Extra fields to extract data for. A list of strings, with INFO or FORMAT prefixes. Wildcards are permitted too, for example: ["INFO/*", "FORMAT/DP"].

field_defs {str: {str: Any}} | NoneOptional[Dict[str, Dict[str, Any]]] (default: None)

Per-field information that overrides the field definitions in the VCF header, or provides extra information needed in the dataset representation. Definitions are a represented as a dictionary whose keys are the field names, and values are dictionaries with any of the following keys: Number, Type, Description, dimension. The first three correspond to VCF header values, and dimension is the name of the final dimension in the array for the case where Number is a fixed integer larger than 1. For example, {"INFO/AC": {"Number": "A"}, "FORMAT/HQ": {"dimension": "haplotypes"}} overrides the INFO/AC field to be Number A (useful if the VCF defines it as having variable length with .), and names the final dimension of the HQ array (which is defined as Number 2 in the VCF header) as haplotypes. (Note that Number A is the number of alternate alleles, see section 1.4.2 of the VCF spec https://samtools.github.io/hts-specs/VCFv4.3.pdf.)

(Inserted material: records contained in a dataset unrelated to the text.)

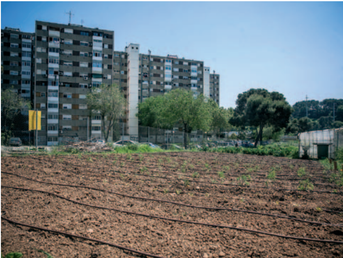
Els horts urbans faciliten la producció de proximitat per a l'autoconsum
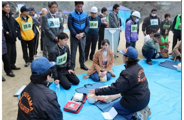
10. 訓練状況 (心肺蘇生法・AED取扱い)
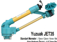
Yuzuak JET35 Standart Mantol: 10mm - 12mm - 14mm - 16mm - 18mm Giriş Bağlantı Ölçüsü: 1,5" İçten Dışı
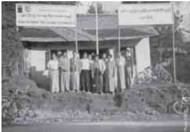
ကိင်ဆိုဝ်လဝ်းဂုတ်းဂေး.ဂိုတ်းဂုတ်ကမ်း,ဂုတ်းဂုတ်းစာတ်းဂိုတ်း ယွဆုံလဝ်းဆေးတီးမာမ်းလွတ်,ငိုတ်းစလး ဂုတ်းဆုမ်,လုတ်းလုမ်း SNLD စပ်ဂုတ်းဂိုတ်းကမ်းဂေး,သားလုမ်းမို, တီးကွင်လိဆိပပ်, ဝါဆိးသုဆိတံဆိ (ပွတ် 3) ပိင်းဂိုင်းတင် လင်,လံးပိုတ်,လုမ်းမို, (ဝံးပင်လိုဝ်းဂုတ်းဂေးပုတ်,ဆွဲးယုင်း NLD)

ဆွဲး 23 ဂေးဆံ. လု 7 ဂေး၊ တိုက်.ပိဆိ MP 7 ဂေး (တူဂ်းစွဲး 1 ထုတ်၊တိးလွဲ.ကွတ်၊ 3 ဂိုတ်း 3)၊ လံးထုတ်၊တံးသုဆိး 9 ဂေး။
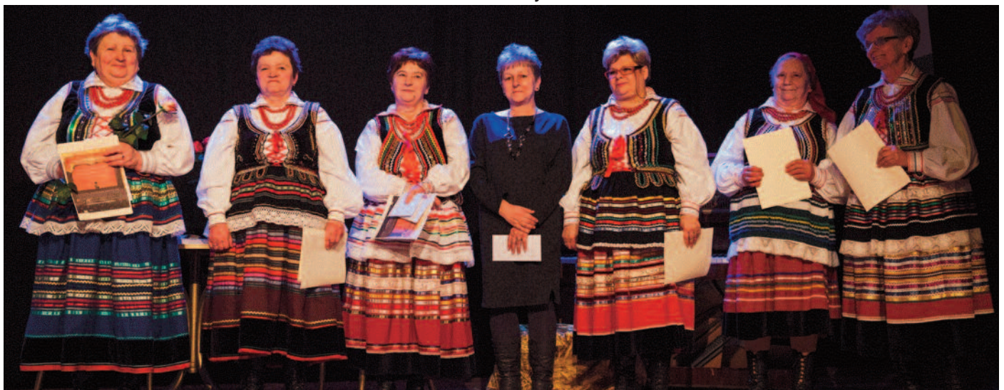
Przewodniczące KGW biorących udział w przeglądzie

read_chunk_length int | NoneOptional[int] (default: None)

Length (number of variants) of chunks to read from the VCF file at a time. Use this option to reduce memory usage by using a value lower than chunk_length with a small cost in extra run time. The increase in runtime becomes higher as the ratio of read_chunk_length to chunk_length decreases. Defaults to None, which means that a value equal to chunk_length is used. The memory usage of the conversion process is proportional to read_chunk_length*n_samples*(1+n_ploidy) so this option is mainly useful for very large numbers of samples and/or where a large chunk_size is desirable to reduce the number of dask tasks needed in downstream analysis.

Return type:

Sequence[str]

Returns:

: A list of URLs to the Zarr outputs.